Sperm whale dies with 100kg of plastic in its stomach

Elias Hubbard
December 3, 2019

Warning: Some images in this story are graphic and may be disturbing to some viewers.

It died shortly thereafter, a representative with the Scottish Marine Animal Strandings Scheme (SMASS), part of the Cetacean Strandings Investigation Programme at Scotland's Rural College (SRUC) in Aberdeen, wrote on Facebook on December 1. It had already been dead for about 48 hours.

The nets, bundles of rope, plastic cups, bags, gloves, packing straps and tubing totalled about 100 kilograms, the Scottish Marine Animal Strandings Scheme reported on its Facebook page Sunday.

A male sperm whale was found dead with over 220 lbs. of debris in its stomach.

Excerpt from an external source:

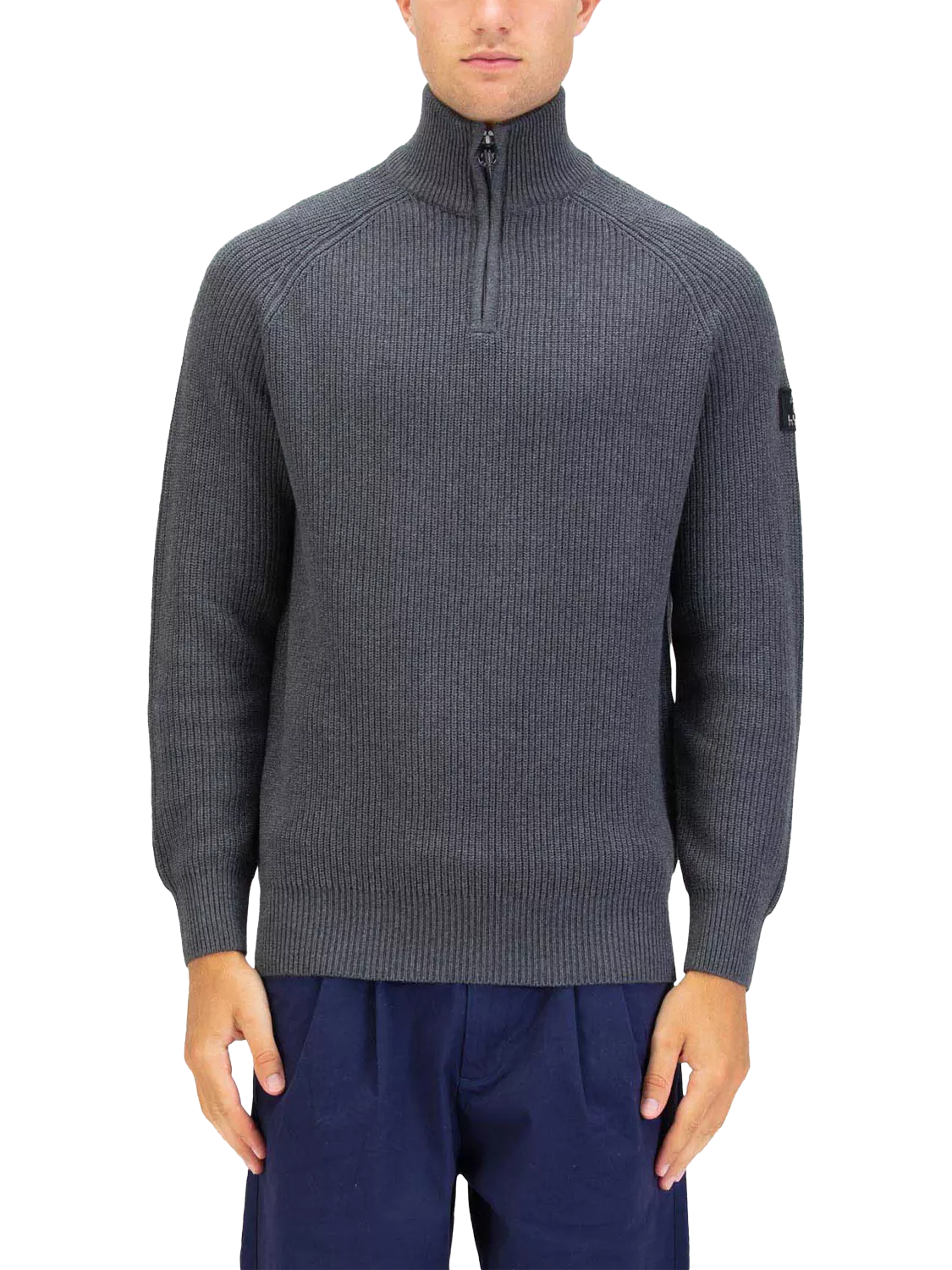 A funnel neck quarter zip knit jumper from LUKE, crafted from a soft pure cotton knit and detailed with a comfortable rib neck, cuff and hem. The look is complete with the brand's iconic LUKE EST. 1977 woven label on the left arm, as well as the iconic LUKE branded zip puller.

"If you go to the beach today, there should be nearly no evidence that there was a large sperm whale necropsy undertaken there this weekend", they wrote.

When SMASS workers began a necropsy, dissecting the whale on the shore, they discovered "a whole range of plastic" tangled into a ball and nestled inside the whale's gut.

"All this material was in a huge ball in the stomach, and some of it looked like it had been there for some time", said the group, funded by the Scottish and United Kingdom governments to track marine animal strandings on Scottish coastlines.

Due to the difficulties of transporting the carcass, the whale was buried at the beach.

The organization could not find evidence that the waste had blocked the creature's intestines, but it said the amount of debris could have played a part in its live stranding.

However, writing on Facebook they said: "This amount of plastic in the stomach is nonetheless horrific, must have compromised digestion, and serves to demonstrate, yet again, the hazards that marine litter and lost or discarded fishing gear can cause to marine life".

Both the Coastguard and the Western Isles Council's disposal team helped the organization bury the whale following their autopsy.

The whale was young - a subadult - and it is not yet clear why the otherwise healthy mammal died.

The necropsy for the whale was done on the beach because it was impossible to transport the 20-ton marine animal.

"Debris in our oceans is everyone's problem".

Inside the whale was a condensed mass of fishing debris and land trash.

According to figures from the organization, the number of whale and dolphin stranding in Scotland are rising, with 204 reports a decade ago and more than 930 previous year.